Через двадцать минут прибыл детектив, франкоканадец Поль Бушар. Мужчина сорока двух лет с почтительными и изящными манерами, остролицый, с небольшими усиками. На нем было черное пальто с коричневым меховым воротником. И мистер Карвер, и Кэтрин держались с достоинством. Проницательный и умный сыщик особенно был восхищен выдержкой Кэтрин. Сравнив оба рисунка, он чуть заметно улыбнулся. С самой изысканной почтительностью расспросил он молодую женщину о ее отношениях с Макэлпином. Бушар спросил, где следует искать Макэлпина, поскольку в гостинице он теперь не живет, и Кэтрин сказала, что скорее всего он находится сейчас в ресторане «Шалэ». Лишь когда она произносила название ресторана, в ее глазах сверкнула злость.
— Мне хотелось бы, чтобы вы поехали туда вместе со мной, — сказал Бушар. — Нужно ведь не только опознать его, но и доказать, что рисунок сделан его рукой.
— Это необходимо? — спросила Кэтрин, побледнев как мел.
— Думаю, что да.
— Что ж, очень хорошо.
Она уже овладела собой.
— Я поеду с вами, Кэтрин, — сказал мистер Карвер. — Уж доведем все до конца.
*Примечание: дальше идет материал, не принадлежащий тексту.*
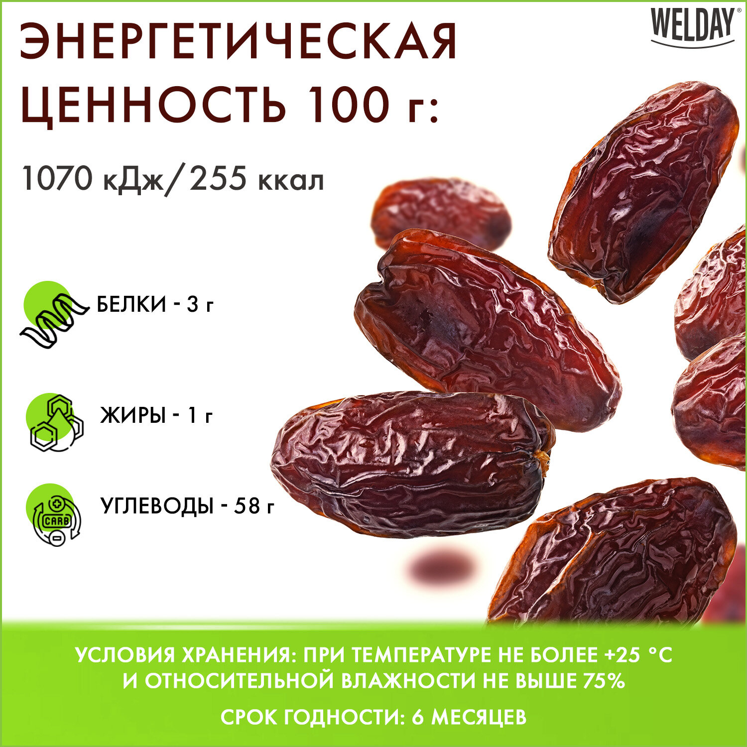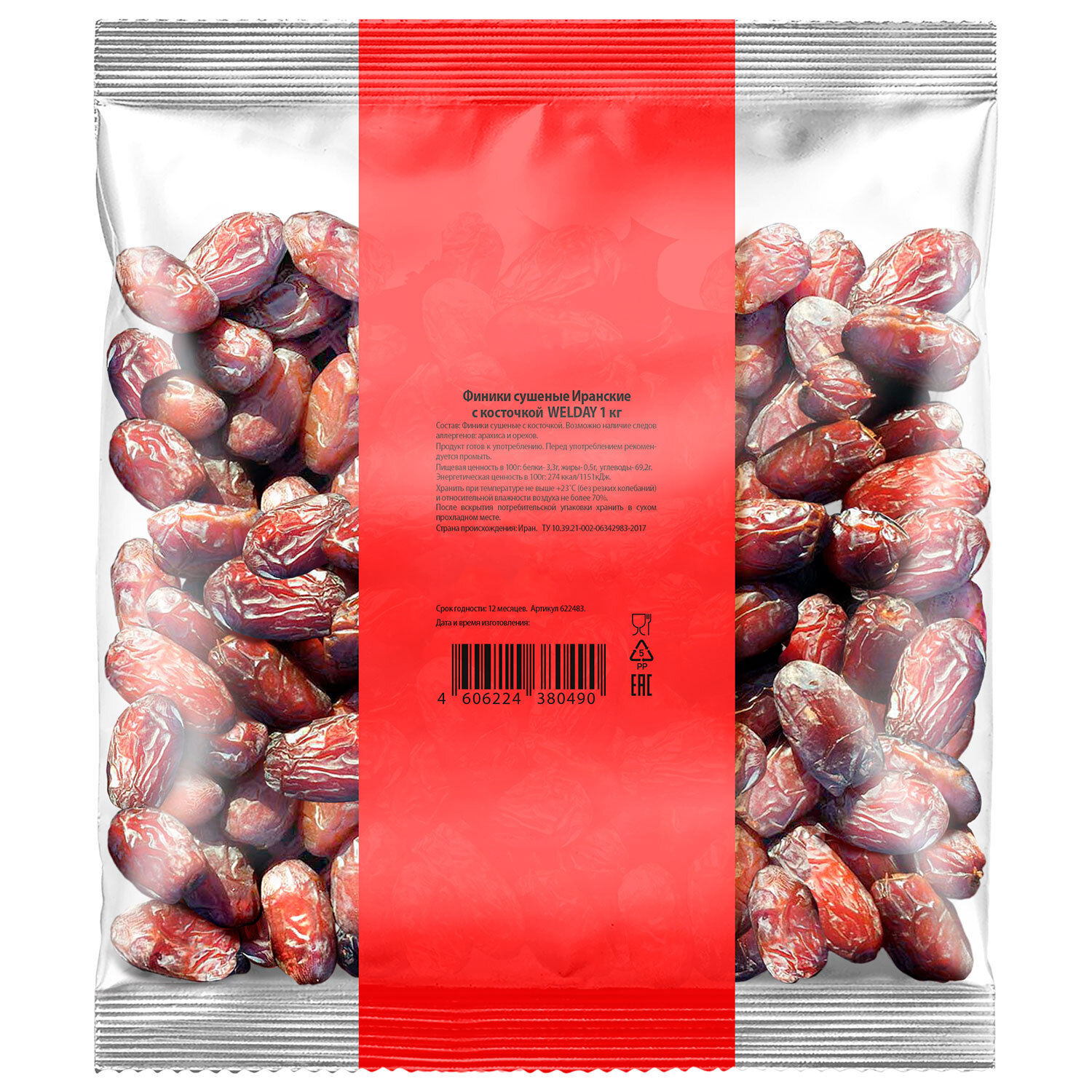 Срок годности – 12 месяцев. Финики сушеные Иранские с косточкой WELDAY (ВЭЛДЭЙ) 1 кг, 622483

— Вы очень любезны, сэр, — сказал Бушар.
Взяв рисунок, принадлежавший Кэтрин, он аккуратно положил его во внутренний карман.
— Меня ждет машина.
На улице была совсем весенняя погода. Вдоль мостовой на Шербрук-стрит тянулись колеи, оставленные колесами автомобилей, продавивших лед и снег, и ручейки воды текли по этим узеньким канавкам, сверкая в свете фонарей, а проезжавшие автомашины вздымали целые фонтаны брызг.
Вечером Макэлпин и Фоли сидели в баре Вольгаста за столиком в углу. Тоскливо было здесь сегодня. Трое приезжих коммивояжеров, наслышанных об этом заведении и с удовольствием предвкушавших, как Вольгаст «даст им прикурить», шепотом выражали свое разочарование и баром и барменом, который совершенно их не замечал. Скрестив на груди руки, с сигарой в зубах, Вольгаст стоял, угрюмо прислонившись к кассе.
Фоли, заготовивший было всякие утешительные фразы, осекся, едва взглянул Макэлпину в лицо. Он понял: утешать его дело бесполезное. Судя по болезненной бледности Макэлпина и нервному подергиванию его лежавшей на столе руки, он много пил. Да и держался он с отсутствующим видом пьяницы, который знать не знает, что творится вокруг. Но пьян он не был. Хоть он пил весь день, по его глазам было видно, что он мучительно трезв и не охмелеет, даже если напьется до того, что не сможет пошевелить ни рукой, ни ногой. Вся его печаль была в глазах, загнанных и тоскливых.